• _Instructions for the task_
Images should be left out, and everything else in the listing reproduced exactly.

• _Material provided_
━━━━
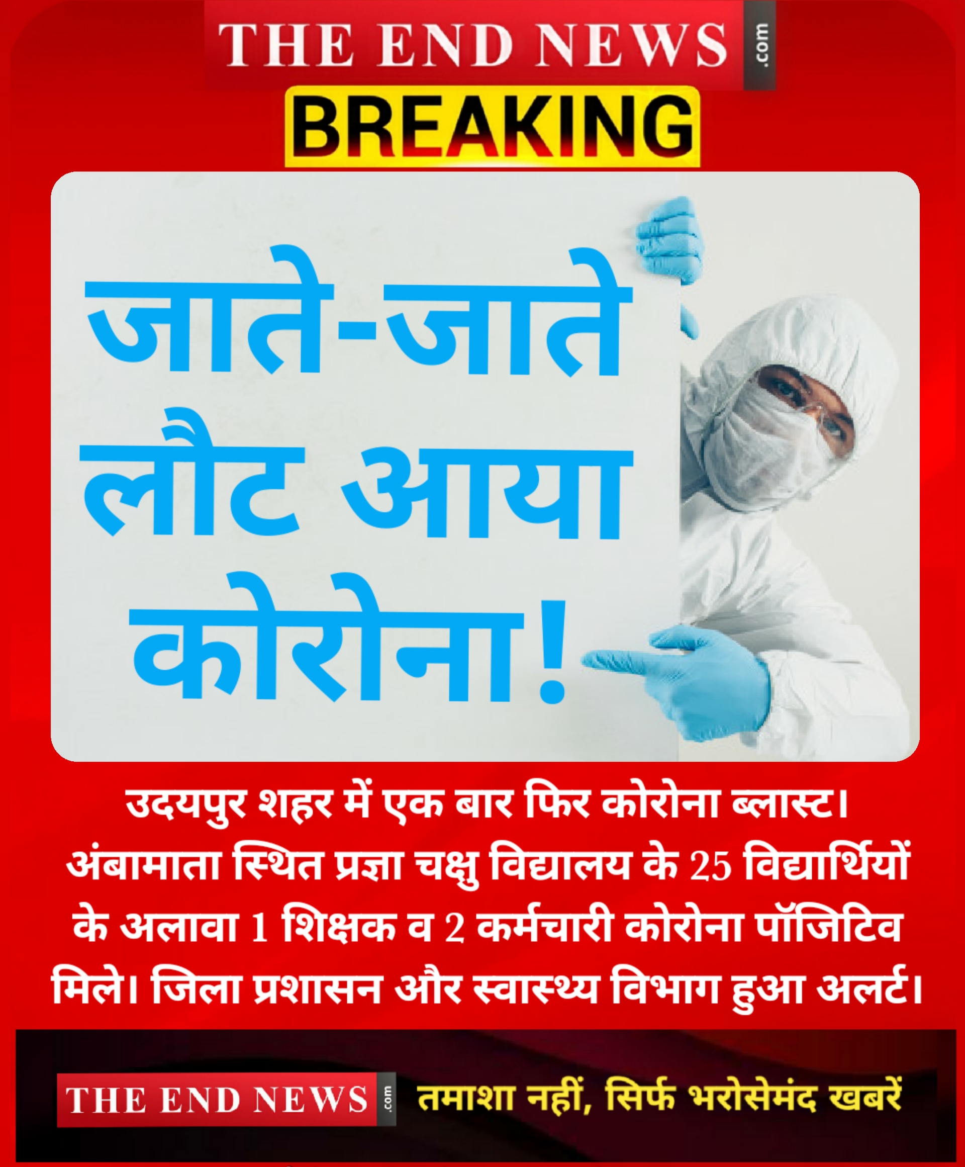 उदयपुर। कोरोना एक बार जाते जाते फिर लौट आया है। राजस्थान में कोरोना का कहर फिर से बढ़ता हुआ नजर आ रहा है। इसी कड़ी में उदयपुर के स्कूल में एक साथ करीब 28 कोरोना पॉजिटिव केस मिले। इनमें 25 छात्र और स्कूल स्टाफ के सदस्य शामिल हैं। उदयपुर में एक फिर कोरोना ब्लास्ट होने से चिंताएं बढ़ गई हैं। एक साथ एक ही क्षेत्र से 28 कोरोना पॉजिटिव मिलने पर जिला प्रशासन और चिकित्सा विभाग पूरी तरह से अलर्ट हो गया है।
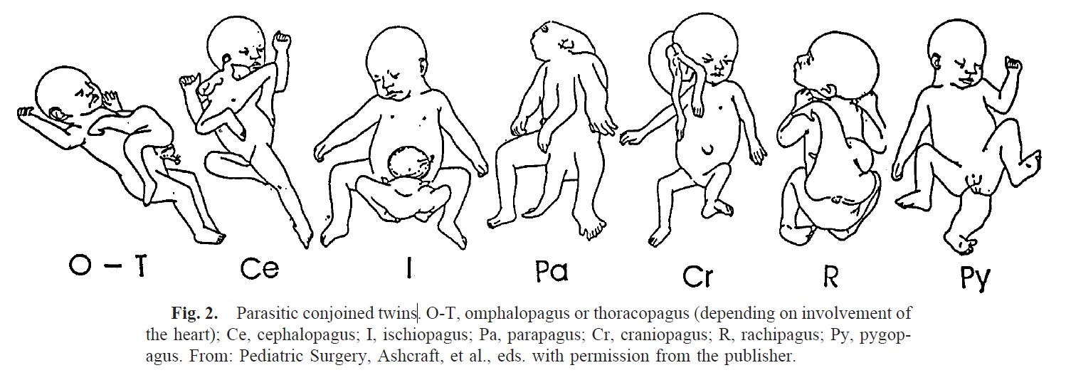 Intact conjoined twins consist of two essentially complete fetuses united by one of eight anatomic sites, designated by the Greek root pagus, meaning “that which is fixed”. Ventral unions are categorized as cephalopagus (head to umbilicus), thoracopagus (thorax), and omphalopagus (abdomen); the less frequent dorsal unions are classified as craniopagus (cranial vault), rachipagus (vertebral column), and pygopagus (sacrum), being called ischiopagus (pelvis) the caudal unions, and parapagus (body side) the lateral ones.
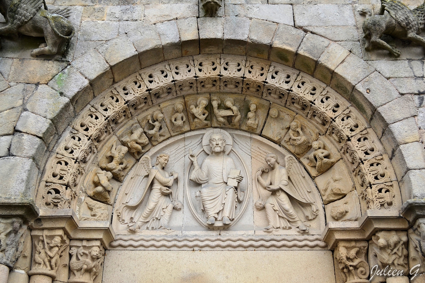 La façade occidentale comprend trois porches séparés par des groupes de 5 colonnettes. Les deux portails latéraux sont aveugles, seul le central comprend une entrée. Un bœuf et un lion, tous les deux ailés et symbolisant saint Luc et saint Marc, surplombent les arcades du portail. L'étage inférieur de la façade est d'époque romane. Une large baie est ajoutée au-dessus de la façade initiale.
━━━━
• _Expected answer_
 उदयपुर। कोरोना एक बार जाते जाते फिर लौट आया है। राजस्थान में कोरोना का कहर फिर से बढ़ता हुआ नजर आ रहा है। इसी कड़ी में उदयपुर के स्कूल में एक साथ करीब 28 कोरोना पॉजिटिव केस मिले। इनमें 25 छात्र और स्कूल स्टाफ के सदस्य शामिल हैं। उदयपुर में एक फिर कोरोना ब्लास्ट होने से चिंताएं बढ़ गई हैं। एक साथ एक ही क्षेत्र से 28 कोरोना पॉजिटिव मिलने पर जिला प्रशासन और चिकित्सा विभाग पूरी तरह से अलर्ट हो गया है।
 Intact conjoined twins consist of two essentially complete fetuses united by one of eight anatomic sites, designated by the Greek root pagus, meaning “that which is fixed”. Ventral unions are categorized as cephalopagus (head to umbilicus), thoracopagus (thorax), and omphalopagus (abdomen); the less frequent dorsal unions are classified as craniopagus (cranial vault), rachipagus (vertebral column), and pygopagus (sacrum), being called ischiopagus (pelvis) the caudal unions, and parapagus (body side) the lateral ones.
 La façade occidentale comprend trois porches séparés par des groupes de 5 colonnettes. Les deux portails latéraux sont aveugles, seul le central comprend une entrée. Un bœuf et un lion, tous les deux ailés et symbolisant saint Luc et saint Marc, surplombent les arcades du portail. L'étage inférieur de la façade est d'époque romane. Une large baie est ajoutée au-dessus de la façade initiale.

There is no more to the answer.